■ Material provided ■

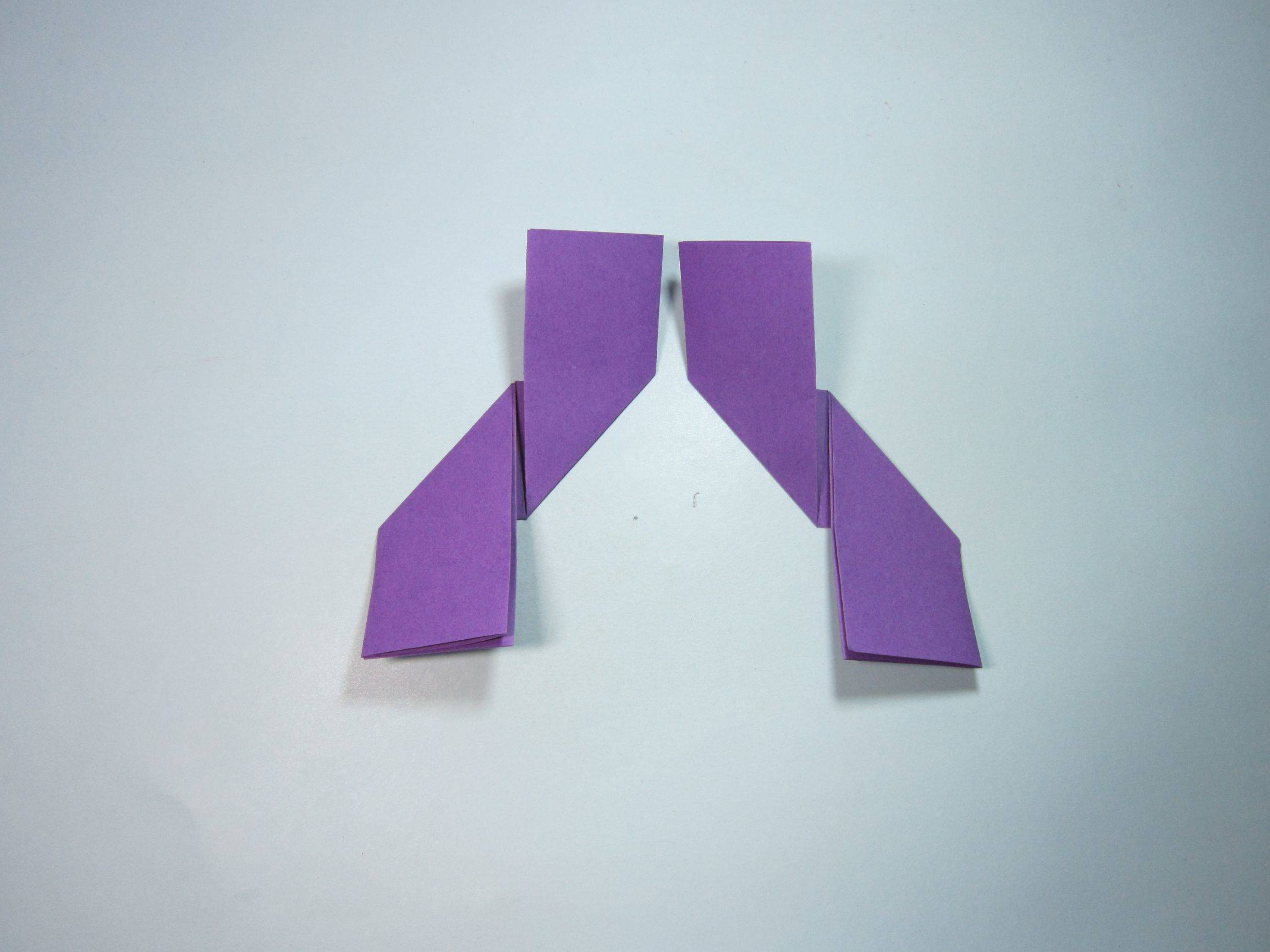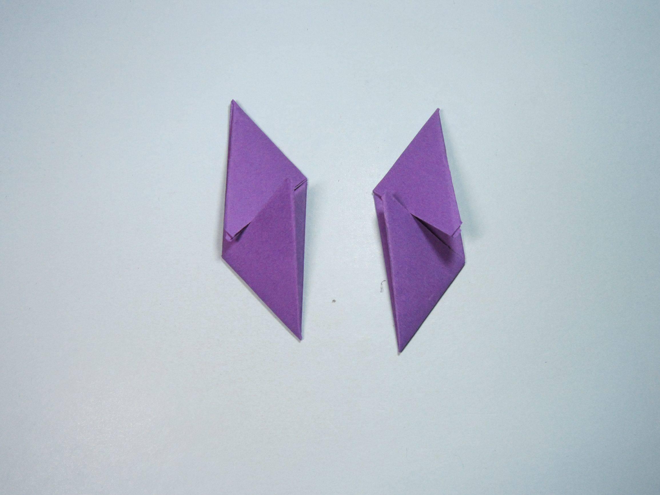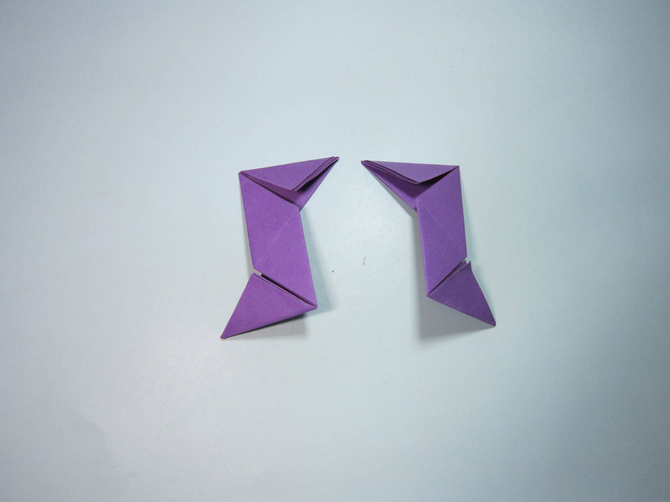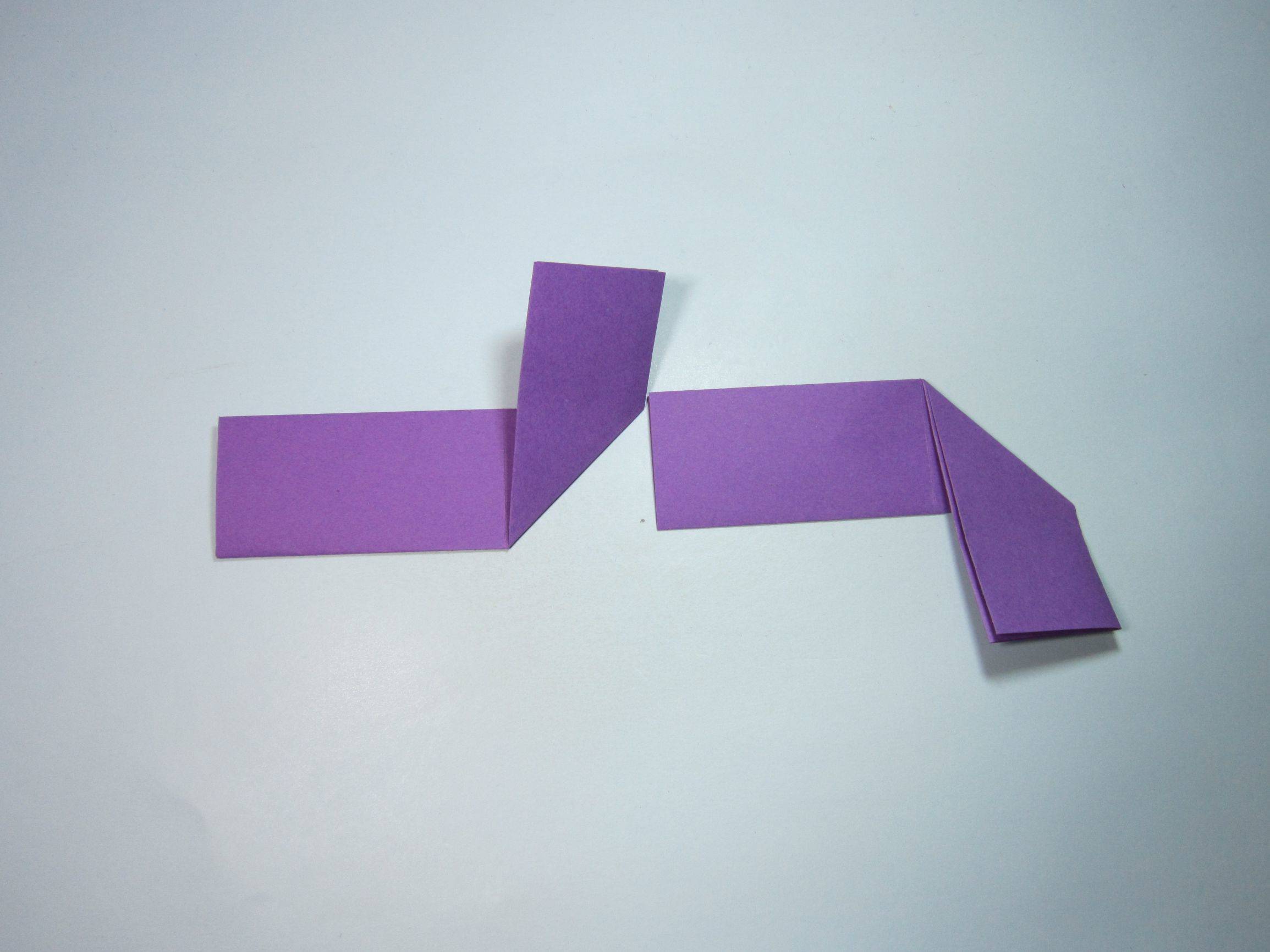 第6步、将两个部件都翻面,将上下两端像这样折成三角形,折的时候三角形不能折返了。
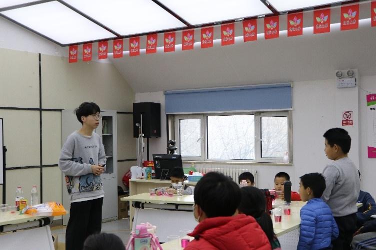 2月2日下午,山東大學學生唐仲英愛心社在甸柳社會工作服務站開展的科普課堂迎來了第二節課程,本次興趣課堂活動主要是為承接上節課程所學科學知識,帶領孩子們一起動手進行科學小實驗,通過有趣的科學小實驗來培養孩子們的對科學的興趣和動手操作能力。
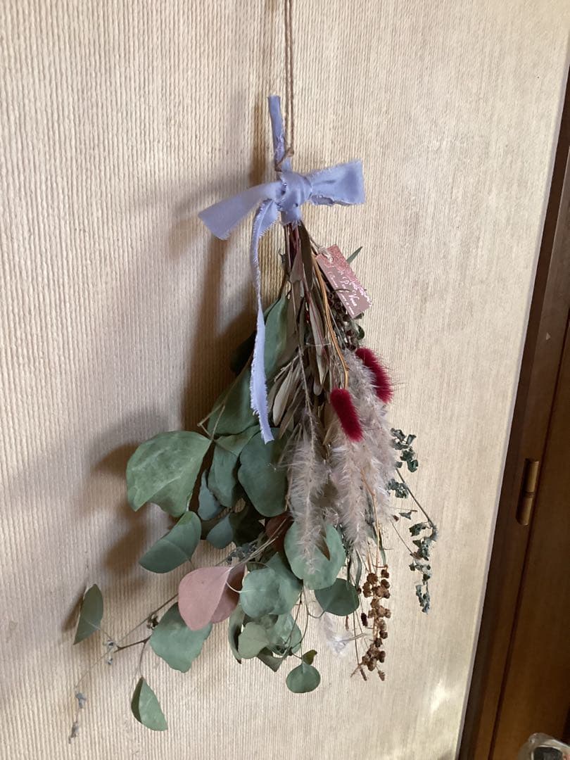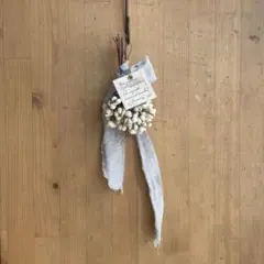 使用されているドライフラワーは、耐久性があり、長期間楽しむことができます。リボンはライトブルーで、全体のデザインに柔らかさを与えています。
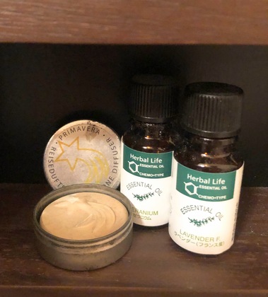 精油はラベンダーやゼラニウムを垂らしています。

■ Exercise brief ■
Please return all of the material above exactly, minus any pictures.

■ Response for this exercise ■
 第6步、将两个部件都翻面,将上下两端像这样折成三角形,折的时候三角形不能折返了。
 2月2日下午,山東大學學生唐仲英愛心社在甸柳社會工作服務站開展的科普課堂迎來了第二節課程,本次興趣課堂活動主要是為承接上節課程所學科學知識,帶領孩子們一起動手進行科學小實驗,通過有趣的科學小實驗來培養孩子們的對科學的興趣和動手操作能力。
 使用されているドライフラワーは、耐久性があり、長期間楽しむことができます。リボンはライトブルーで、全体のデザインに柔らかさを与えています。
 精油はラベンダーやゼラニウムを垂らしています。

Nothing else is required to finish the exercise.